MotoGP » 3 November 2001
Katoh becomes the new 'golden boy'.
Daijiro Katoh was greeted with a can of golden spray paint as he dismounted his bike after completing his eleventh win of the season.
The Japanese rider received a bout of colour to his hair from his team to celebrate the success of their season and to 'crown' the 2001 champion with a new honour – Katoh now holds the world record for the most amount of wins in one season, in the 250cc class.
In what was one of the most exciting 250cc races of the 2001 season, Katoh did not have an easy time. Despite pulling into the lead by the end of the first lap, Katoh was to give up his position at the front of the pack several times before eventually winning the race.
The start of the race had been drama-less, but with a drying track to contend with, it was sure that there would be one or two incidents along the way.

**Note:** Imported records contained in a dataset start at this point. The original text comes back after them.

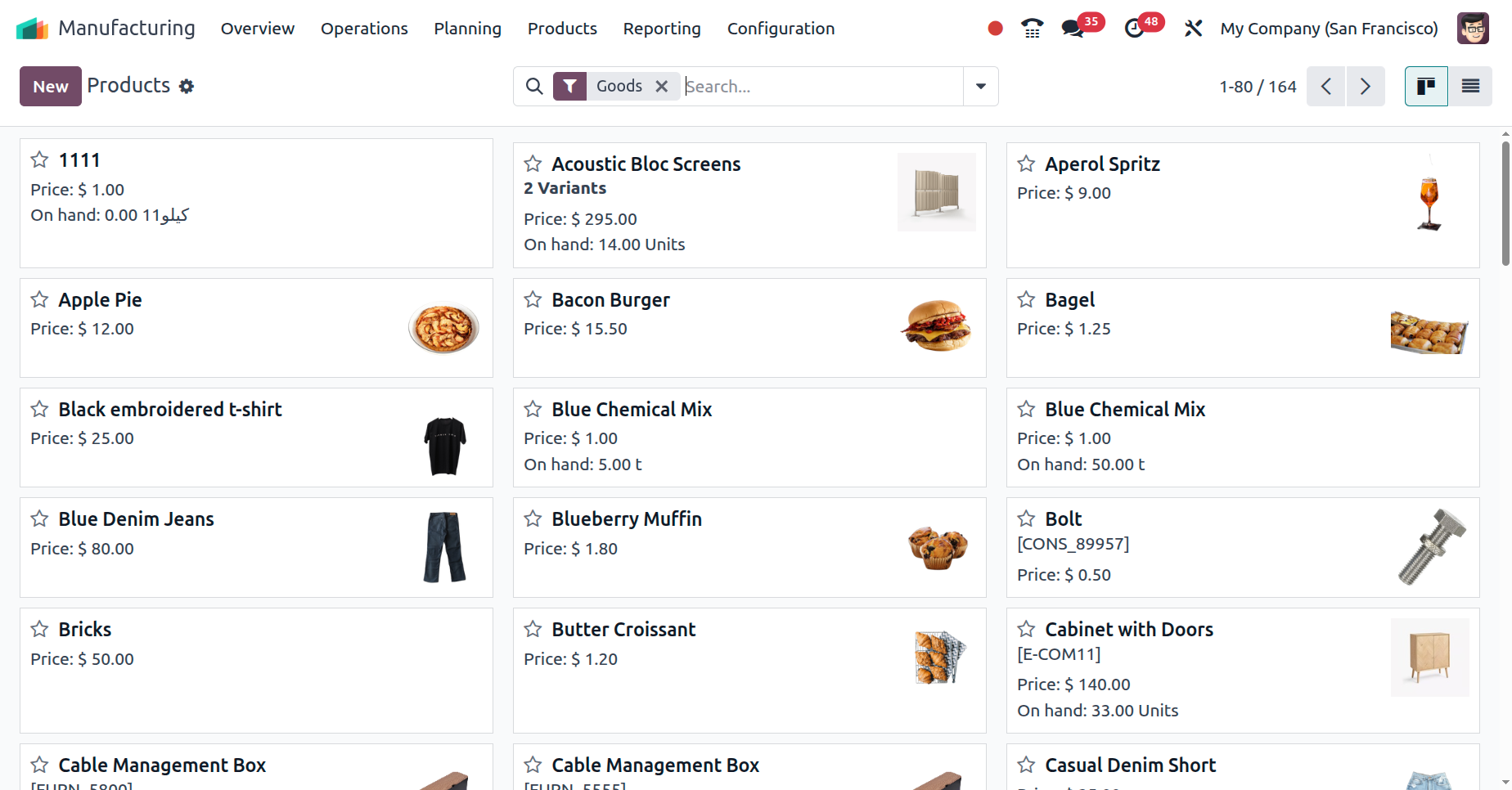 Odoo manages detailed information about each product, including descriptions, categories, pricing, and inventory levels.
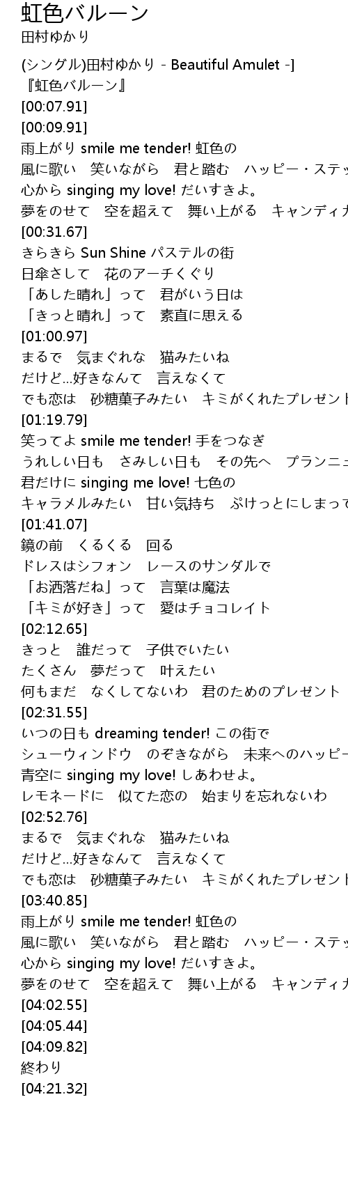 | [00:01.91] | 『虹色バルーン』 |
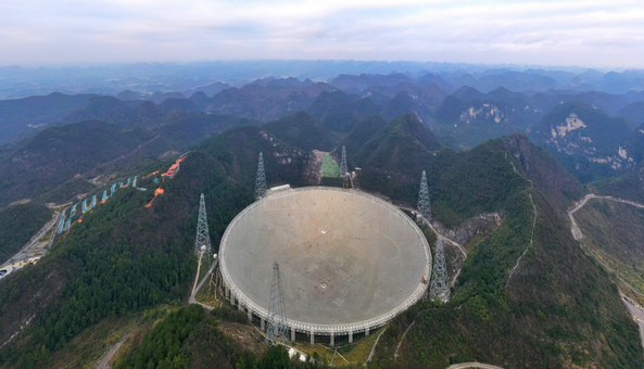 被誉为“中国天眼”的500米口径球面射电望远镜。新华社记者 欧东衢 摄
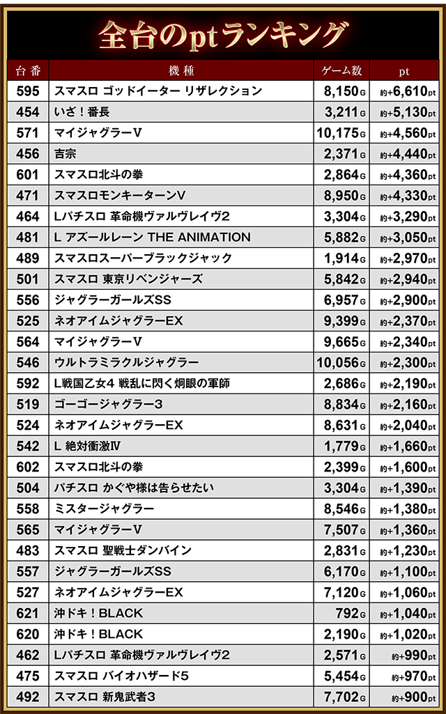 ほかにも、「吉宗」の456番台や「スマスロ北斗の拳」の601番台、「スマスロモンキーターンV」の471番台が約+4,300pt以上となった。
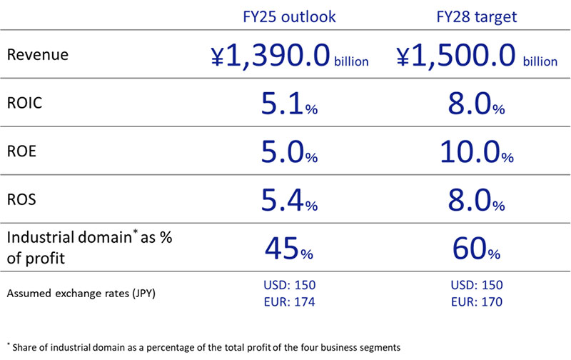 - Capital allocation is to be optimized using ROIC as a management metric, with an FY2028 ROIC target of 8% or more.
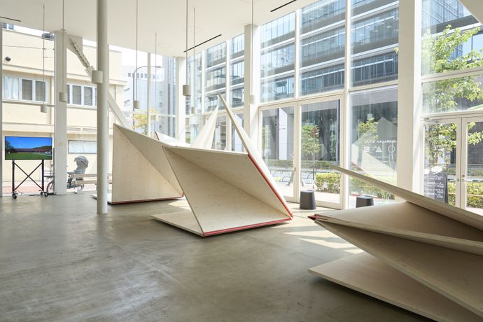 Die Holzskulpturen von Atelier Andrea Gassner in dieser Schau öffnen sich wie übergroße Origami in Anspielung auf die Tektonik heutiger Holzarchitektur mit flächigen Werkstoffen. Der Zauber von Holz liegt in seiner Schönheit und Flexibilität, seiner Leichtigkeit und statischen Kraft. Die Relevanz als Baumaterial der Zukunft verdankt Holz der regionalen Verfügbarkeit und seiner rundum positiven Klimawirksamkeit.
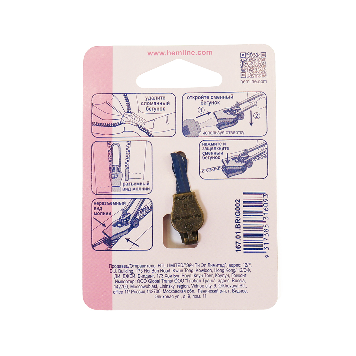 Произведены сменные бегунки Hemline на Тайване. Созданием дизайна занимались европейские мастера - дизайнеры. Премиальное качество, так как при производстве используется первичная сталь, а не переработанная.
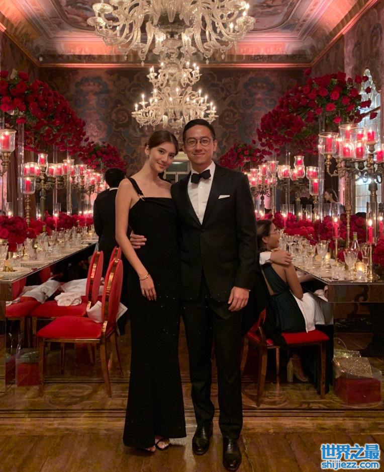 可以看到,施伯雄陪着吴千语一起参加过各类活动,走过许多地方。两人参加好友文咏珊婚礼时,打扮华丽隆重特别精致,吴千语穿着黑色修身裙身材完美气质出众,施伯雄西装革履好有贵公子的气质,戴着金丝框眼镜气质儒雅,俊男靓女十分登对。
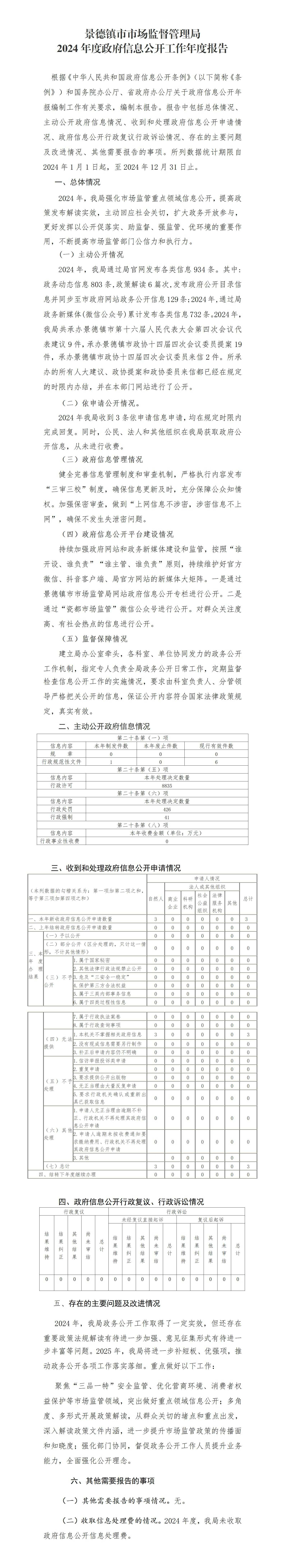 景德镇市市场监督管理局2024年度政府信息公开工作年度报告
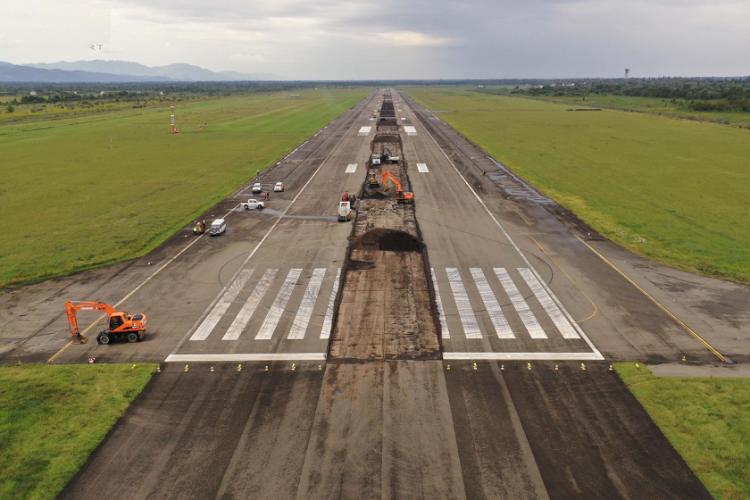 „რეაბილიტაციის პროცესში მოხდა ასფალტობეტონის საფარის დაზიანებული ადგილების ფრეზირება. საფუძველზე, სადაც ყველაზე მეტად იყო ბეტონის ფილები დაზიანებული, მოხდა ფილის დემონტაჟი. ამავე ფართზე გამაგრდა საფუძველი ცემენტნარევი ქვიშა-ღორღით. ასაფრენ-დასაფრენი ზოლის შუა ნაწილში ორ ფენად დაიგო 80მმ სისქის მსხვილმარცვლოვანი ასფალტობეტონის საფარი. ასევე, ასაფრენ-დასაფრენი ზოლის ცენტრალურ უბანზე წვრილმარცვლოვანი მოდიფიცირებული ასფალტობეტონის 50მმ სისქის საფარი გაკეთდა“, - აღნიშნულია აეროპორტის განცხადებაში.

A frantic dispute between several riders kept positions changing and the excitement building. Pole sitter Fonsi Nieto claimed back his lead on lap two and managed to hold onto it until lap five, when Melandri sneaked through on the inside of a corner. Nieto pulled back the lead however, demonstrating his presence by performing a wheely.
A solid group of seven riders had been formed by this point, pulling away from the rest of the field and continually battling for position. Amongst the front runners were Katoh and Nieto, as expected, McWilliams, Harada, Melandri, Alzamora and Matsudo. Not far behind the front bunch were a group containing Rolfo, Locatelli, Battaini and Debon, some of which were to play a larger role in the race in laps to come.
Wild-card rider Cristiano Vieiro was the first to crash out on lap 5, leaving the home supporters of the Brazilian disappointed.
Lap nine saw the #5 bike of Melandri hold off Katoh. The Japanese rider was all over the Italian, but could not find a way past. By this time the track conditions were improving and by half distance the dry line on the track was becoming considerably wider.
Locatelli quietly nipped through the traffic and took the lead of the race on lap 15. With seven 125cc wins under his belt, but not a single victory in the 250cc class, this looked as though it could be the break the Italian needed.